To better understand the importance of a reliable and trusted process monitoring solution, a case study concerning the shipment of dangerous goods is presented. An industrial plant P, to dispose of chemical waste, relies on the conferment company C. In turn, C relies on the waste treatment company T to neutralize the waste. The disposal process, which is represented in Fig. 1 using Business Process Model and Notation (BPMN), is organized as follows. Firstly, P stores the chemical waste inside a tank and waits for C to reach its plant. If the tank has a leakage, to avoid the chemical to be spread and pollute the environment, C has to immediately empty it and use another tank. Once C arrives, the tank is attached to its truck, then C leaves the plant and delivers the tank to T. Finally, T detaches the tank.

Concerning the trust, imagine that the tank is not properly disposed. Instead, it is abandoned in the woods and, after some time, it is found by the forest rangers.
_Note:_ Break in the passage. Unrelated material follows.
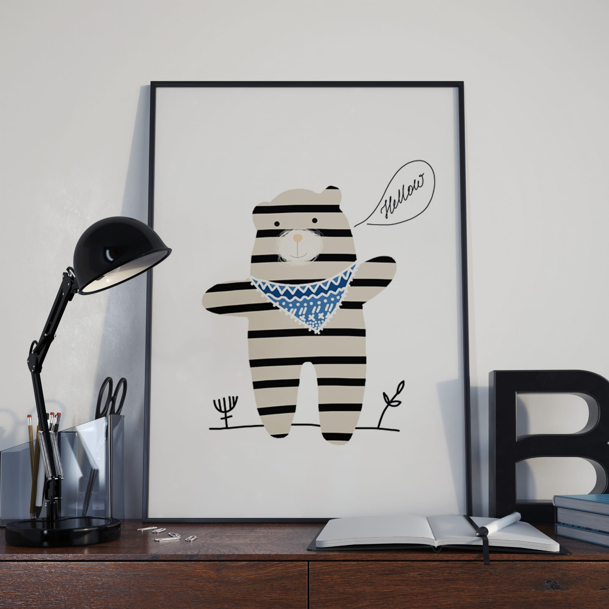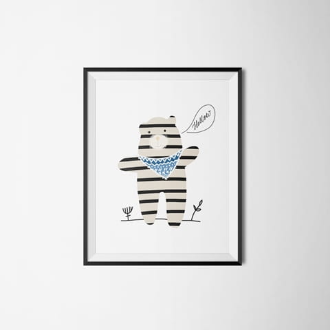 Plakat autorski ze ślicznym misiem.

Without knowing how the process was actually performed, it would be impossible for them to know who is responsible for this crime. Firstly, P may have completely skipped the conferment part, and abandoned the tank on its own will. Alternatively, C may have cheated P by having made no deal with T. Thus, it may have abandoned the tank instead of delivering it to T. Finally, T may have correctly received the tank. However, to cut costs, it may have abandoned it instead of neutralizing its contents.

Fig. 1.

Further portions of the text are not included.